Key ideas to take away

  • Platform Engineering expedites business value delivery.
  • Platform is a product.
  • Anchor the platform team’s mission to the company’s goals and objectives.
  • Product engineering is your customer. Be obsessed with your customer’s success.
  • Keep in mind the areas of responsibility and make sure you are not neglecting any.

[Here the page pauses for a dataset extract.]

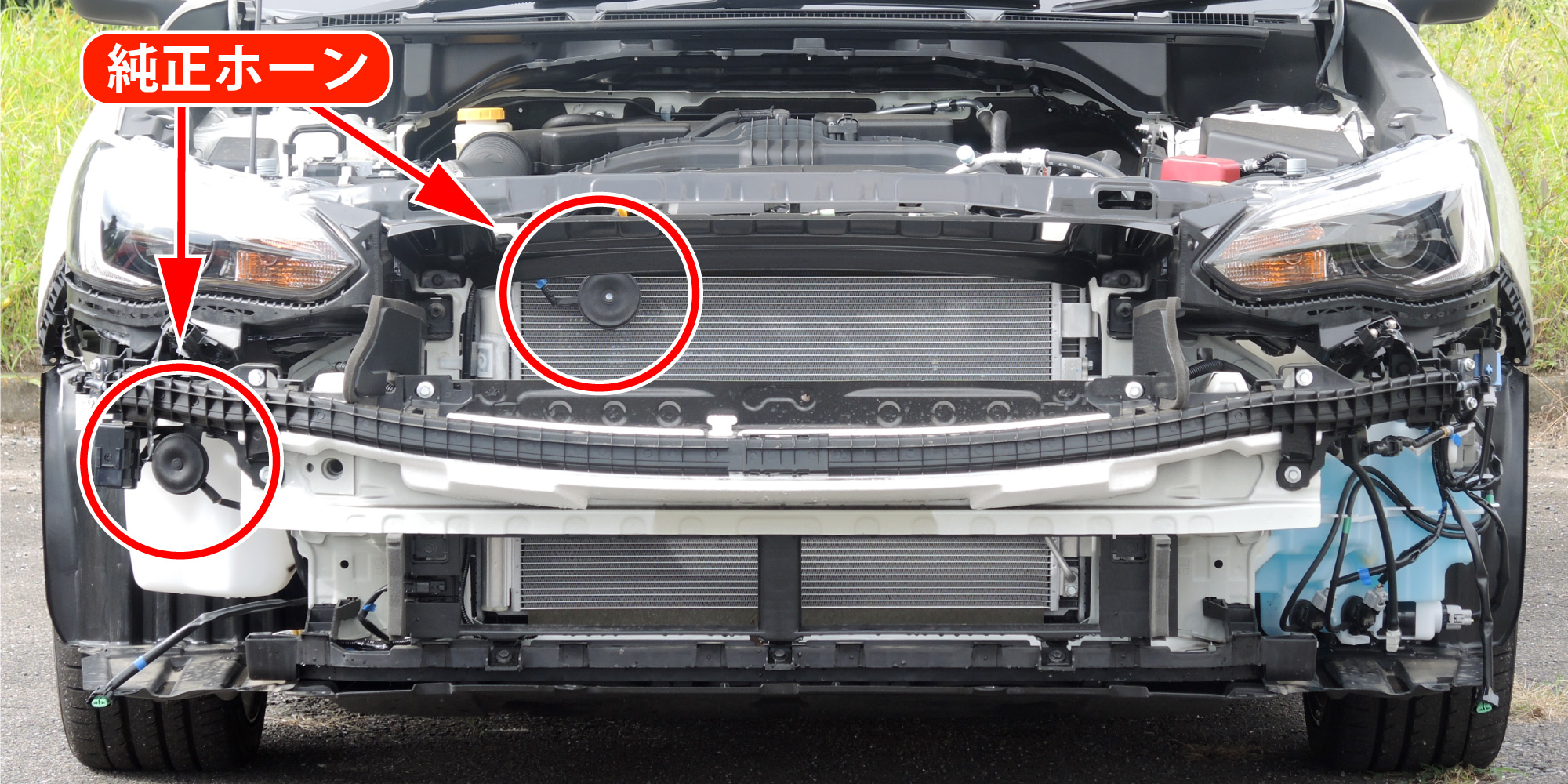 新設ホーンは、純正ホーンの位置へ取り付けます。

  1. “By 2026, 80% of software engineering organisations will establish platform teams as internal providers of reusable services, components and tools for application delivery” —Gartner Top 10 Strategic Technology Trends for 2023
  2. Platform Engineering is in the Innovation Trigger phase on the Gartner Hype Cycle. —Gartner Hype Cycle for Emerging Technologies 2022
  3. In their 2022 What Is Platform Engineering? article, Platform engineering is defined as “Platform engineering is an emerging technology approach that can accelerate the delivery of applications and the pace at which they produce business value”. In their Gartner Hype Cycle report, they define it as “Platform engineering is the discipline of building and operating self-service internal developer platforms (IDPs) for software delivery and life cycle management”.
  4. See for example how MediaWiki organises its Platform Engineering Team into Value Stream Teams. This is a great resource if you want to see how others have adopted platform engineering in practice. Usually, people refer to product teams by “value stream” but, I guess, it depends on the level of your perspective. Especially, when you organise your platform teams as product teams (albeit an internal one).
  5. Quoted from the Platform Engineering and the Platform Operating Model article by Tom Geraghty which I encourage you to read as it has additional great thoughts on the topic. Also, recommend consulting the Products Over Projects article.
  6. If you are looking for a starting point, I highly recommend An Elegant Puzzle: Systems of Engineering Management book by Will Larson.
  7. I really like this guiding quote by Dr. Werner Vogels, Amazon CTO: ”If you hire the best engineers, you should trust them to make the best decisions” from his recent article Monoliths Are Not Dinosaurs.
  8. The 2023 State of DevOps Report is full of insights about the importance of product manager role. Here is one: “Interestingly, the data shows the longer a platform team has existed at a firm, the stronger the opinion there should be a product manager on the platform team. At firms in which a platform team has existed for three or fewer years, 60% of respondents identify a need for a product manager; at firms in which a platform team has existed for more than three years, this number rises to 74%.”